• DATASET EXTRACT
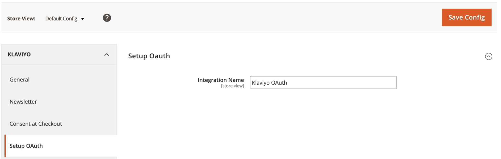 Si rechi su Stores > Configurazione dal cruscotto amministrativo. Clicchi su Klaviyo e selezioni la scheda Impostazione OAuth. Assegni alla sua integrazione un nome memorabile nel campo Nome; in seguito dovrà individuarla con questo nome. Clicchi su Salva configurazione per procedere.
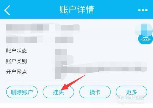 在使用手机时点击建设银行,进入页面点击账户,打开详情,点击挂失
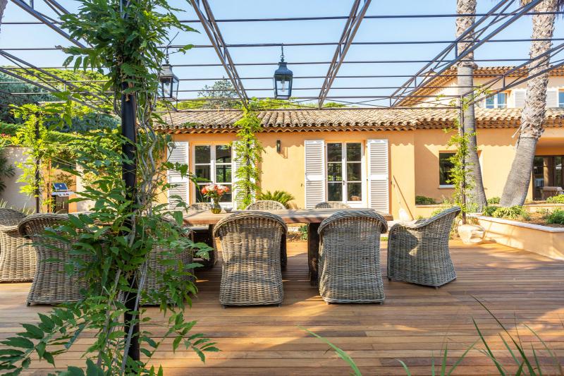 Außerdem gibt es einen Fernsehraum mit einem Sofa und einem großen Fernseher. Der angrenzende Speisesaal bietet Platz für 12 Personen mit einem fast 3 m langen Tisch und einer 3,6 x 1,6 m großen Eckbank. Der Speisesaal und die offene Küche, die vom berühmten L'Atelier de St. Paul entworfen wurde, sind mit allen modernen Küchengeräten ausgestattet, wie z. B. einem Weinkühlschrank mit zwei Temperaturzonen, einer Luxus-Kaffeemaschine und einem in der Küche vorhandenen Kombi-Ofen.

• EXERCISE PROMPT
Repeat the data exactly. Pictures should not appear.

• OUTPUT FOR THIS TASK
 Si rechi su Stores > Configurazione dal cruscotto amministrativo. Clicchi su Klaviyo e selezioni la scheda Impostazione OAuth. Assegni alla sua integrazione un nome memorabile nel campo Nome; in seguito dovrà individuarla con questo nome. Clicchi su Salva configurazione per procedere.
 在使用手机时点击建设银行,进入页面点击账户,打开详情,点击挂失
 Außerdem gibt es einen Fernsehraum mit einem Sofa und einem großen Fernseher. Der angrenzende Speisesaal bietet Platz für 12 Personen mit einem fast 3 m langen Tisch und einer 3,6 x 1,6 m großen Eckbank. Der Speisesaal und die offene Küche, die vom berühmten L'Atelier de St. Paul entworfen wurde, sind mit allen modernen Küchengeräten ausgestattet, wie z. B. einem Weinkühlschrank mit zwei Temperaturzonen, einer Luxus-Kaffeemaschine und einem in der Küche vorhandenen Kombi-Ofen.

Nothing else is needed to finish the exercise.